The focus of the campaign is very clearly on white people and this makes sense given the demographics of the region where the campaign is posting billboards. The Twin Ports (Duluth, MN and Superior, WI) is a predominantly white community (89%).
The campaign is the work of several organizations committed to racial justice in the Twin Ports area, and grows out of a recent Knight Foundation report, called Soul of the Community. In a three-year study detailed in the report, researchers found that people in this region were less likely to say that it’s a good place for racial and ethnic minorities, immigrants, than those in comparable communities elsewhere. Based on these findings, anti-racist activists in the area are trying to change things through the “Un-Fair Campaign.” Here’s a brief description from the campaign’s website:
People of color experience incidents of racism every day, and they have long asked “when will white people in our community stand up and speak out about racism?” This campaign is part of a response to that question. Racial justice will never be achieved until we as white people address white privilege and work to change it.
The insight that “it’s hard to see racism when you’re white,” has been a central message here at this blog for some time, so perhaps not a new or controversial idea for regular readers here.
But the campaign (which just launched January 24) has already generated some heated backlash from whites who are not too keen on the ideas of having their whiteness pointed out to them, much less learning to notice white privilege or acknowledge racism.
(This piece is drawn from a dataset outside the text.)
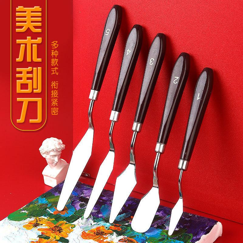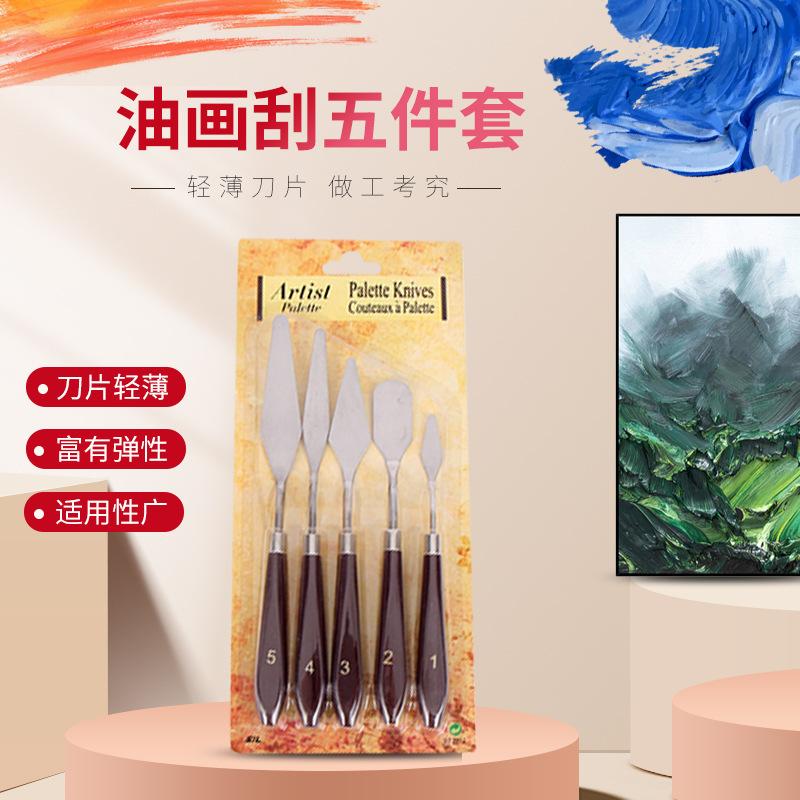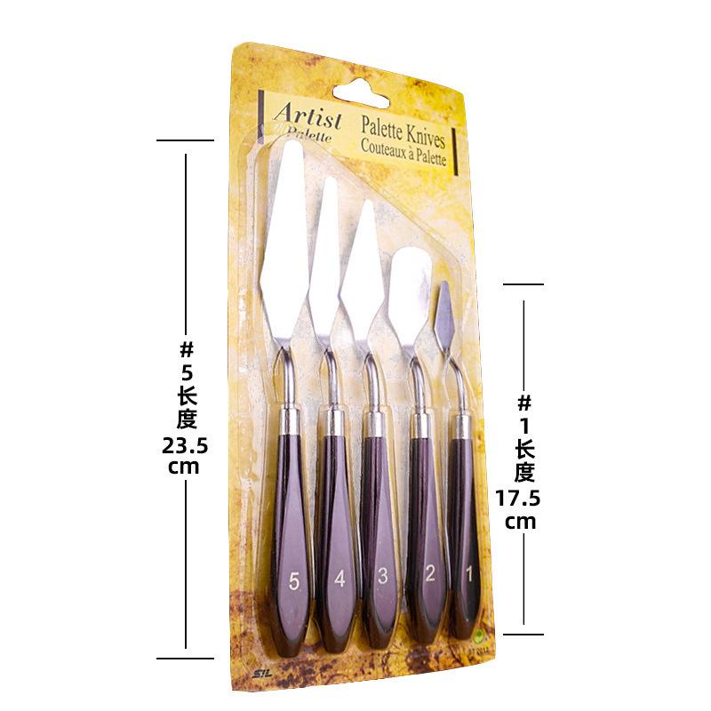 Espátula para Pintura al Óleo Nueva Acero Inoxidable Color Raspador Pintura Gouache Raspador Juego de 5 Piezas Suministro Transfronterizo Fabricante Venta al por Mayor

The (white) mayor of Duluth has received death threats because of the campaign, and according to one account (h/t Lisa Albrecht, Assoc Prof, U of MN, member of leadership team of SURJ), other activists involved in the campaign are enduring a daily barrage of threatening emails and phone messages suggesting she should leave town, be raped because she ‘hates white people.’ And, of course, the campaign is getting a lot of play on the usual white supremacist sites.
The question the campaign – and the white backlash against – raises a perennial one for those interested in racial justice: how do you get white people to address white privilege and work against it? The Un-Fair Campaign is an innovative approach to this persistent dilemma. The next challenge will be how to use the backlash to further the cause of racial justice.